EXERCISE OBJECTIVE: Word for word, transcribe the lines below and drop the pictures.

(RECORDS FOR THE EXERCISE begins)

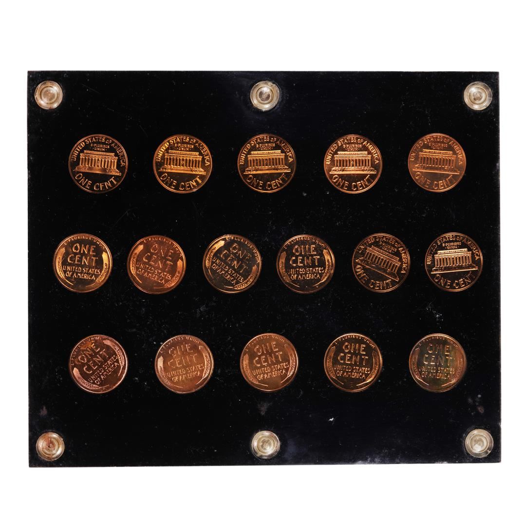 One Set of 1950-1964 Gem Proof Lincoln Memorial Wheat Cent Coins.
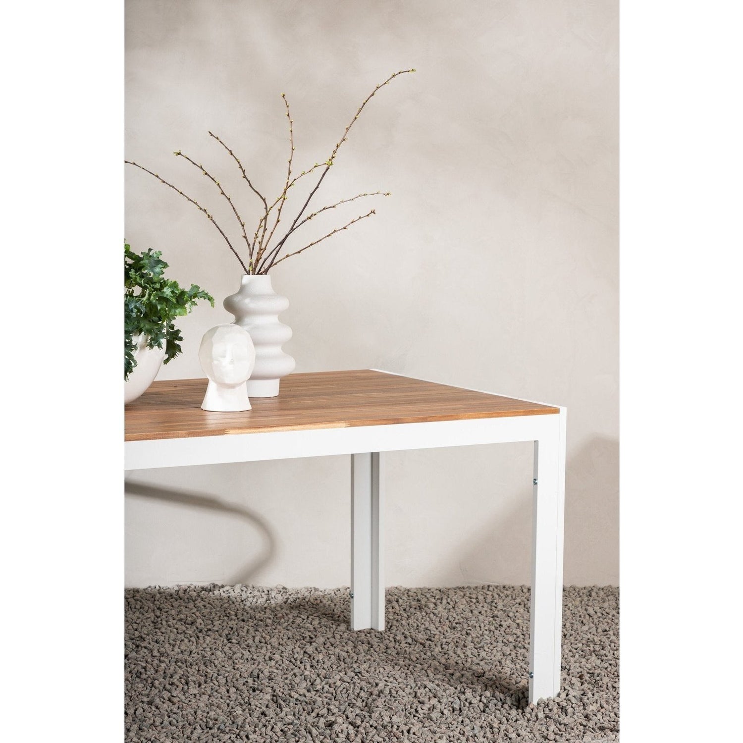 Spisebordet Bois imponerer med sine rette nordiske former og klassiske design! Bordplaten er i dekorativ akasie og bordbenene i stilig hvitt metall. Match med et par deilige spisestoler slik at du får en komplett matgruppe å samle venner og familie rundt - gjør deg klar for måltider utendørs og nyt hyggelig selskap denne sommeren! Pleieanbefaling: For at utemøblene dine i akasie / hardtre skal beholde finishen sin, bør de behandles med olje. Siden treverket i seg selv ikke er så fett av natur, må det oljes litt nå og da, selv i løpet av sesongen. Nylig kjøpte møbler bør mettes med olje, påfør flere lag etter hverandre slik at det maksimale med olje absorberes. Tørk av det som blir overflødig.
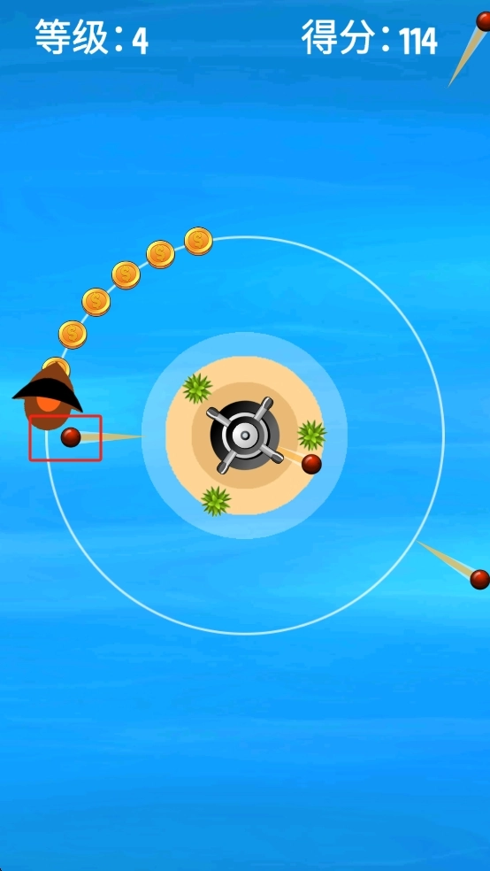 1、进入作品后我们操控红框内的棕色物体沿环形轨迹移动,收集金色硬币,同时避开红色球体,维持绕圈节奏以提升等级。
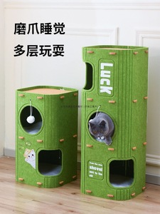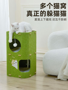 オールシーズン対応の多層キャットネスト、キャットクライミングフレーム、キャットツリー一体型スクラッチボード、密閉型キャットハウス、キャットツリーハウス、家庭用二層
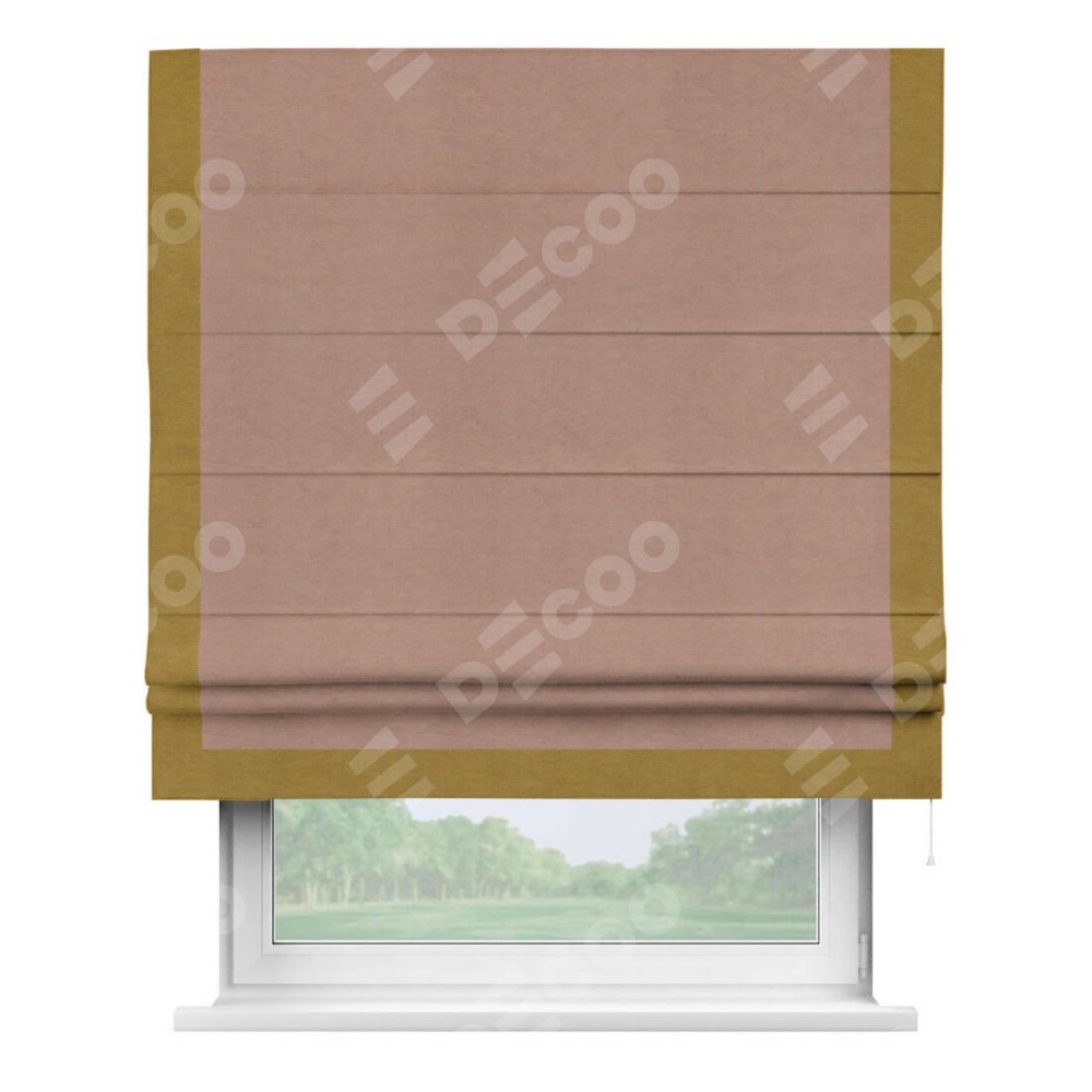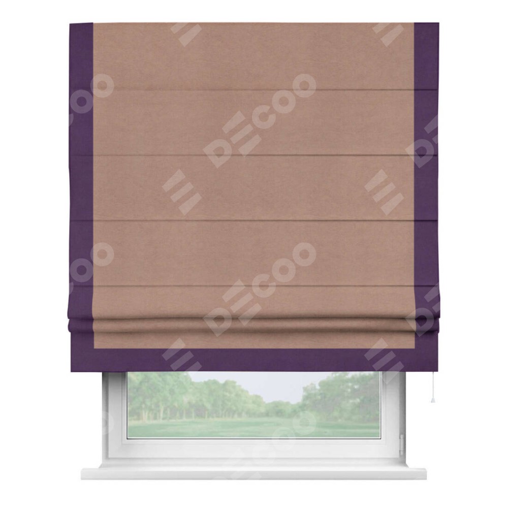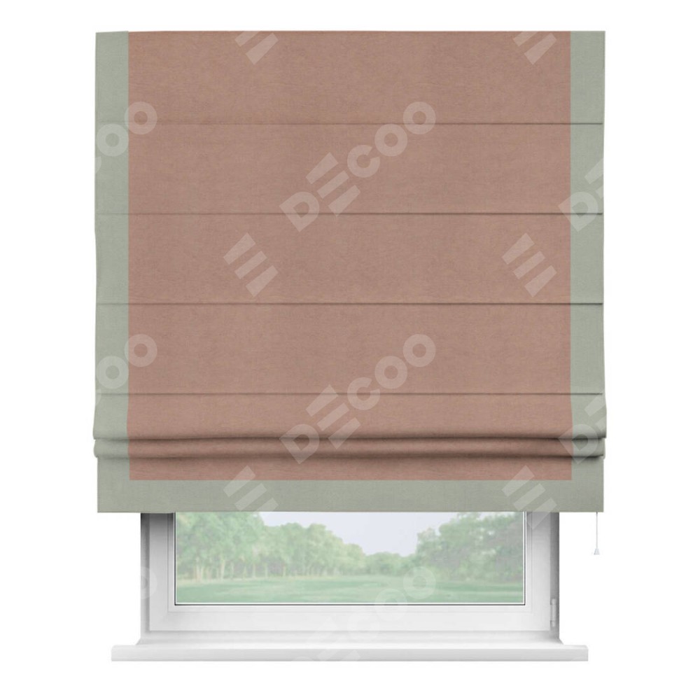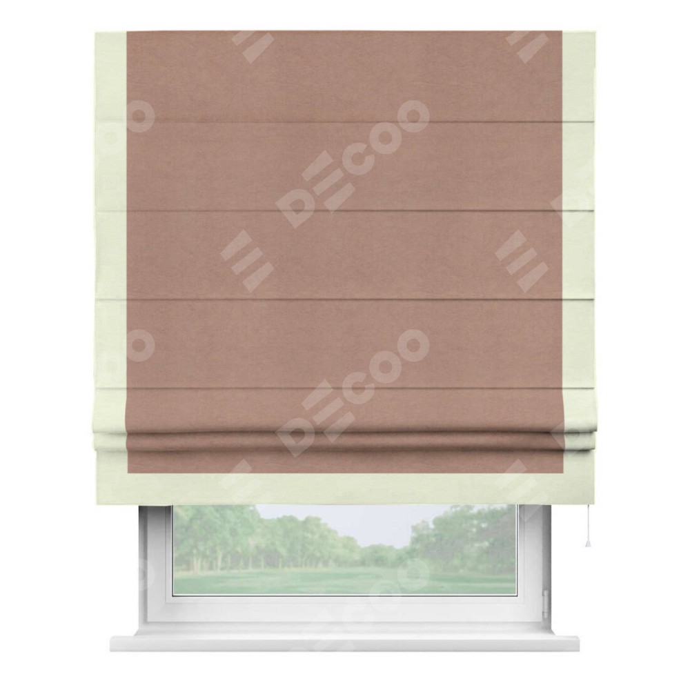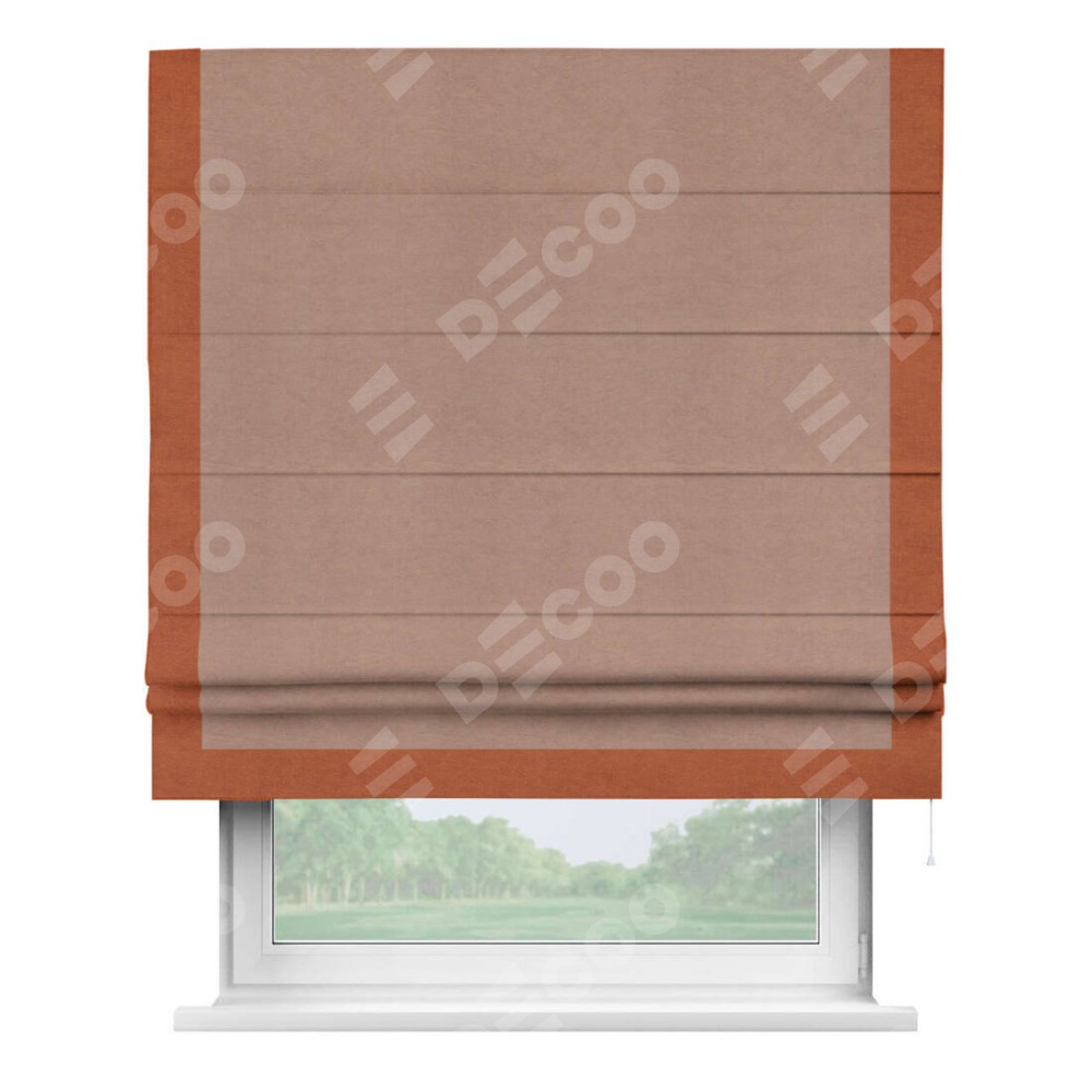 Римская штора производителя «Cortin», используется для проёма, пошита из ткани вельвет брусничный джем, артикул ткани 17750. Отделка шторы кантом «Виктория», ткань для канта используется из вельвета разной расцветки на выбор. Имеет универсальный механизм и подходит для монтажа: на потолок, на стену и в нишу.
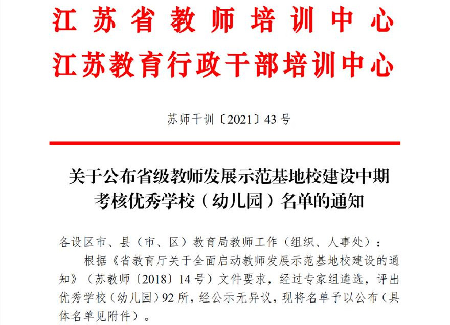 10月20日,江苏省教师培训中心、江苏教育行政干部培训中心公布省级教师发展示范基地校建设中期考核优秀学校(幼儿园)名单,92所单位获此殊荣,我校作为仅有的2所职业学校之一,荣列其中。
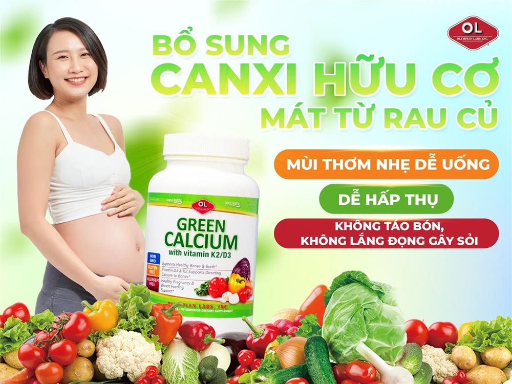 Green Calcium được phát triển đặc biệt cho mẹ bầu với canxi hữu cơ "xanh mát" chiết xuất 100% từ rau củ tự nhiên, dễ hấp thu và không gây nóng trong. Sản phẩm giúp bù đắp canxi thiếu hụt trong thai kỳ, hỗ trợ phát triển xương thai nhi và giảm mệt mỏi cho mẹ.
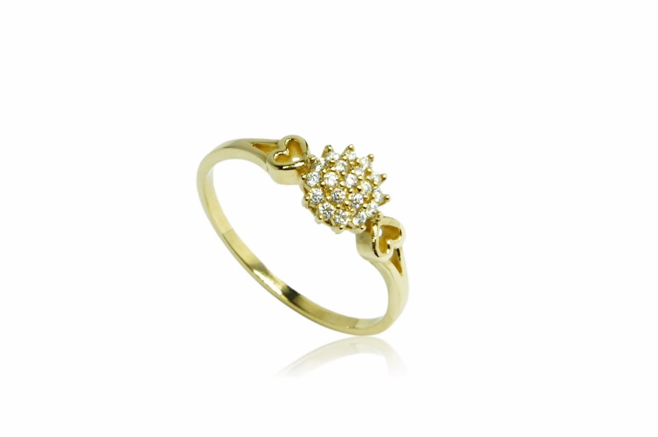 Złoty pierścionek 0,585 Cyrkonie i serduszka

(RECORDS FOR THE EXERCISE ends)

REPLY:
 One Set of 1950-1964 Gem Proof Lincoln Memorial Wheat Cent Coins.
 Spisebordet Bois imponerer med sine rette nordiske former og klassiske design! Bordplaten er i dekorativ akasie og bordbenene i stilig hvitt metall. Match med et par deilige spisestoler slik at du får en komplett matgruppe å samle venner og familie rundt - gjør deg klar for måltider utendørs og nyt hyggelig selskap denne sommeren! Pleieanbefaling: For at utemøblene dine i akasie / hardtre skal beholde finishen sin, bør de behandles med olje. Siden treverket i seg selv ikke er så fett av natur, må det oljes litt nå og da, selv i løpet av sesongen. Nylig kjøpte møbler bør mettes med olje, påfør flere lag etter hverandre slik at det maksimale med olje absorberes. Tørk av det som blir overflødig.
 1、进入作品后我们操控红框内的棕色物体沿环形轨迹移动,收集金色硬币,同时避开红色球体,维持绕圈节奏以提升等级。
 オールシーズン対応の多層キャットネスト、キャットクライミングフレーム、キャットツリー一体型スクラッチボード、密閉型キャットハウス、キャットツリーハウス、家庭用二層
 Римская штора производителя «Cortin», используется для проёма, пошита из ткани вельвет брусничный джем, артикул ткани 17750. Отделка шторы кантом «Виктория», ткань для канта используется из вельвета разной расцветки на выбор. Имеет универсальный механизм и подходит для монтажа: на потолок, на стену и в нишу.
 10月20日,江苏省教师培训中心、江苏教育行政干部培训中心公布省级教师发展示范基地校建设中期考核优秀学校(幼儿园)名单,92所单位获此殊荣,我校作为仅有的2所职业学校之一,荣列其中。
 Green Calcium được phát triển đặc biệt cho mẹ bầu với canxi hữu cơ "xanh mát" chiết xuất 100% từ rau củ tự nhiên, dễ hấp thu và không gây nóng trong. Sản phẩm giúp bù đắp canxi thiếu hụt trong thai kỳ, hỗ trợ phát triển xương thai nhi và giảm mệt mỏi cho mẹ.
 Złoty pierścionek 0,585 Cyrkonie i serduszka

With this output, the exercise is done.